Biological Interpretation of GERD-associated loci
To elucidate the functional relevance of the newly identified GERD risk loci, we performed gene and pathway enrichment analyses using the InsightGWAS-predicted loci. Candidate genes were prioritized by MAGMA, selecting those within 500 kb of each locus with P < 0.01 for downstream pathway annotation.
Our pathway enrichment analysis of GERD risk loci revealed progressively deeper biological insights across different analytical approaches (Fig. 5 and Supplementary Data 2). The conventional GWAS (An et al.)1 showed minimal enrichment, with only nominal associations for basic processes like protein binding (GO:0005515). In contrast, MTAG analysis (Ong et al.)8 demonstrated improved detection of neuronal pathways, including synapse organization (GO:0050808) and synaptic structure (GO:0045202). Most strikingly, novel loci from InsightGWAS identified exceptional enrichment for specific neural mechanisms - modulation of chemical synaptic transmission (GO:0050804) and neuron development (GO:0048666) - suggesting potential pathways underlying visceral hypersensitivity. The complete InsightGWAS analysis (all loci) not only confirmed these neural associations but also revealed additional epithelial mechanisms through cadherin binding (GO:0045296) and trans-synaptic signaling (GO:0099537), providing a comprehensive view of GERD’s dual neural-epithelial pathology.

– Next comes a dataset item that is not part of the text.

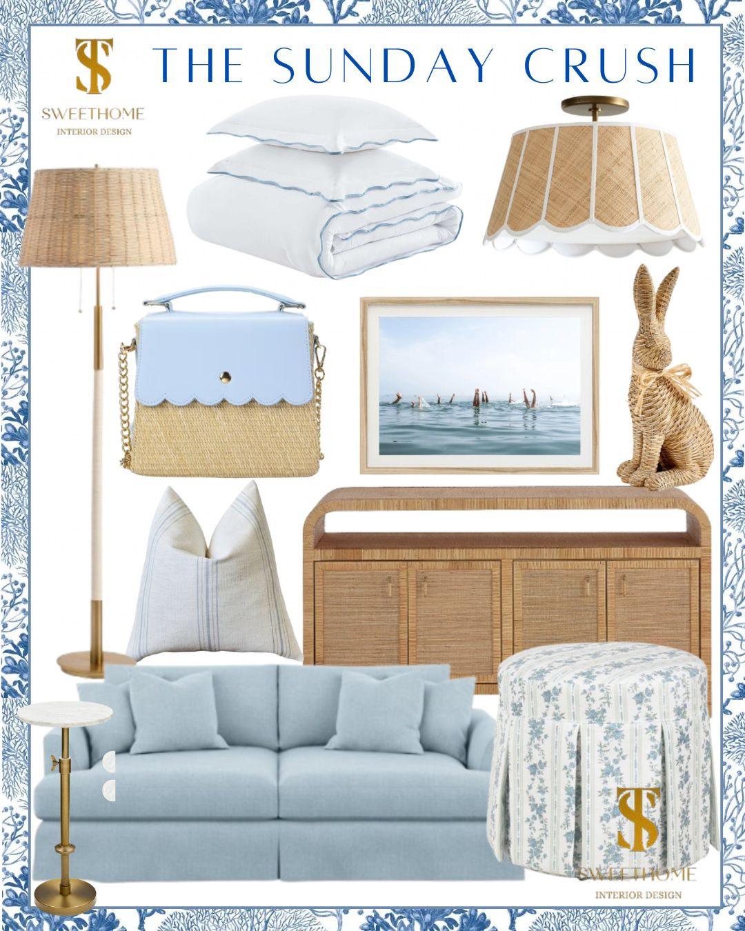 fun new finds. coastal home decor, coastal rug, coastal artwork, geometric floral scallop wallpaper roll, coastal wallpaper,serena and lily floor lamp, serena and lily side table, overhead lighting, bleu and white, amazon rug, sideboard, rattan sideboard, grandmillenial home, stsweethome.

Enrichment results (-log10(P values) and enrichment ratios) for Gene Ontology (GO) terms across four analytical approaches (Supplementary Data 3): conventional GWAS (An et al1.), MTAG analysis (Ong et al8.), novel loci from InsightGWAS (InsightGWAS-new), and all loci from InsightGWAS (InsightGWAS-all).
Discussion
We demonstrate that deep learning methods, particularly transformer-based architectures, provide a powerful complement to conventional GWAS approaches in elucidating the genetic architecture of GERD. By systematically comparing these methods, we show that deep learning uncovers additional genetic associations not detected by traditional or cross-trait analyses. These results suggest that leveraging deep learning will be essential for fully exploiting existing genomic resources and advancing the genetic understanding of GERD.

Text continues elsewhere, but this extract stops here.